Infrastructure requirements

Before sizing a Timefold Solver service, first understand the typical behaviour of a Solver.solve() call:

Understand these guidelines to decide the hardware for a Timefold Solver service:

RAM memory: Provision plenty, but no need to provide more.
- The problem dataset, loaded before Timefold Solver is called, often consumes the most memory. It depends on the problem scale.
  - If this is a problem, review the domain class structure: remove classes or fields that Timefold Solver doesn’t need during solving.
  - Timefold Solver usually has up to three solution instances: the internal working solution, the best solution and the old best solution (when it’s being replaced).
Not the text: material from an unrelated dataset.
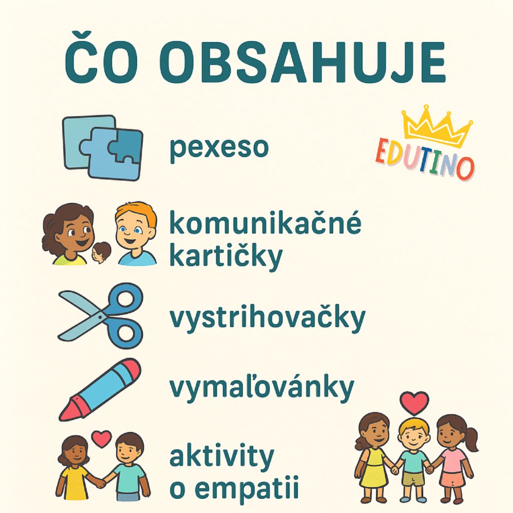 PDF súbor, ktorý učí deti, že aj keď sa líšime výzorom, sme si všetci rovní a zaslúžime si lásku a rešpekt. Obsahuje komunikačné kartičky, vymaľovánky, pexeso a ďalšie aktivity na podporu empatie a tolerancie, s celkovým počtom 35 strán.

However, these are all a planning clone of each other, so many problem fact instances are shared between those solution instances.
- During solving, the memory is very volatile, because solving creates many short-lived objects. The Garbage Collector deletes these in bulk and therefore needs some heap space as a buffer.
- The maximum size of the JVM heap space can be in three states:
  - Insufficient: An OutOfMemoryException is thrown (often because the Garbage Collector is using more than 98% of the CPU time).
  - Narrow: The heap buffer for those short-lived instances is too small, therefore the Garbage Collector needs to run more than it would like to, which causes a performance loss.
    
    Profiling shows that in the heap chart, the used heap space frequently touches the max heap space during solving. It also shows that the Garbage Collector has a significant CPU usage impact.
    
    Adding more heap space increases the move evaluation speed.
  - Plenty: There is enough heap space. The Garbage Collector is active, but its CPU usage is low.
    
    Adding more heap space does not increase performance.
    
    Usually, this is around 300 to 500MB above the dataset size, regardless of the problem scale, except with nearby selection and caching move selector, neither of which are used by default.
CPU power: More is better.
- Improving CPU speed directly increases the move evaluation speed.
  - If the CPU power is twice as fast, it takes half the time to find the same result. However, this does not guarantee that it finds a better result in the same time, nor that it finds a similar result for a problem twice as big in the same time.
  - Increasing CPU power usually does not resolve scaling issues, because planning problems scale exponentially. Power tweaking the solver configuration has far better results for scaling issues than throwing hardware at it.
- During the solve() method, the CPU power will max out until it returns (except in daemon mode or if your SolverEventListener writes the best solution to disk or the network).
Number of CPU cores: one CPU core per active Solver, plus at least one for the operating system.
- So in a multitenant application, which has one Solver per tenant, this means one CPU core per tenant, unless the number of solver threads is limited, as that limits the number of tenants being solved in parallel.
- With Partitioned Search, presume one CPU core per partition (per active tenant), unless the number of partition threads is limited.
  - To reduce the number of used cores, it can be better to reduce the partition threads (so solve some partitions sequentially) than to reduce the number of partitions.
- In use cases with many tenants (such as scheduling Software as a Service) or many partitions, it might not be affordable to provision that many CPUs.
  - Reduce the number of active Solvers at a time. For example: give each tenant only one minute of machine time and use a ExecutorService with a fixed thread pool to queue requests.
  - Distribute the Solver runs across the day (or night). This is especially an opportunity in SaaS that’s used across the globe, due to timezones: UK and India can use the same CPU core when scheduling at night.
- The SolverManager will take care of the orchestration, especially in those underfunded environments in which solvers (and partitions) are forced to share CPU cores or wait in line.
I/O (network, disk, …): Not used during solving.
- Timefold Solver is not a web server: a solver thread does not block (unlike a servlet thread), each one fully drains a CPU.
  - A web server can handle 24 active servlets threads with eight cores without performance loss, because most servlets threads are blocking on I/O.
  - However, 24 active solver threads with eight cores will cause each solver’s move evaluation speed to be three times slower, causing a big performance loss.
- Note that calling any I/O during solving, for example a remote service in your score calculation, causes a huge performance loss because it’s called thousands of times per second, so it should complete in microseconds. So no good implementation does that.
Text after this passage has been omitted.